Work instruction: Where the line containing "blue, sky, growth" appears in the records below, begin there and repeat each line exactly through the final one, dropping all pictures.

::: Source material

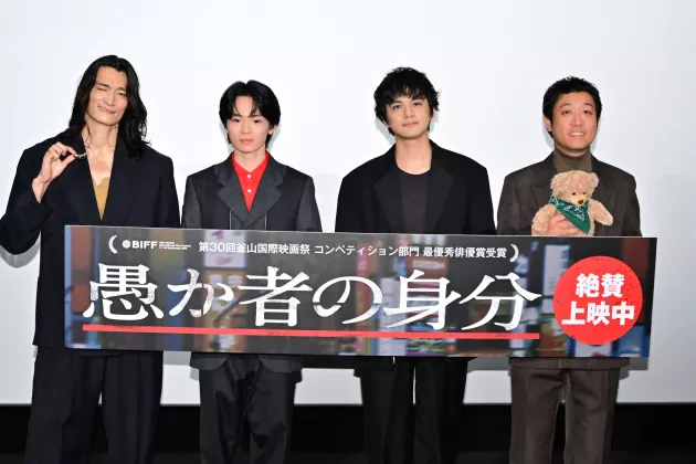 ⼈間ドラマを巧みに描くことに定評のある永⽥琴監督が、主演に北村匠海、共演に綾野剛、林裕太の豪華実⼒派キャストを迎え、愛を知らずに育った3 ⼈の若者たちの⻘春と、闇ビジネスから抜け出す3 ⽇間を描く逃亡サスペンス映画『愚か者の身分』の公開御礼舞台挨拶が11⽉7⽇に都内劇場にて実施され、出演者の北村匠海、林裕太、⽥邊和也、嶺豪⼀が参加した。
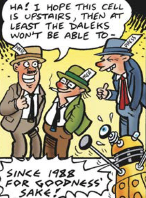 This strip takes a look at some of the other prisoners of the Judoon space jail. There is a sarcastic Ice Warrior, a Silent who appears to be on hunger strike (but is actually just not being fed because the guards keep forgetting they're there), and the most infamous and most deserving of their incarceration; the journalists who still write jokes about Daleks being unable to climb stairs.
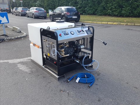 Fourniture d'un nettoyeur haute pression eau chaude monophasé ultra compact et mobile.
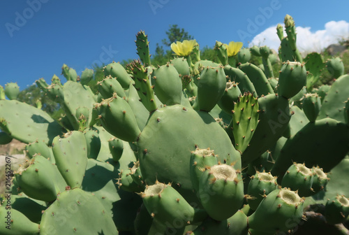 cactus, prickly, pear, green, wild, nature, wilderness, summer, thorn, succulent, closeup, natural, sharp, desert, flower, summer, flora, closeup, blue, sky, growth
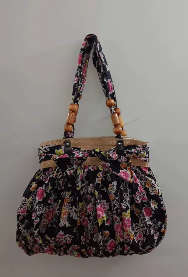 Bolso floral negro y rosa

::::::

Response to this exercise:
 cactus, prickly, pear, green, wild, nature, wilderness, summer, thorn, succulent, closeup, natural, sharp, desert, flower, summer, flora, closeup, blue, sky, growth
 Bolso floral negro y rosa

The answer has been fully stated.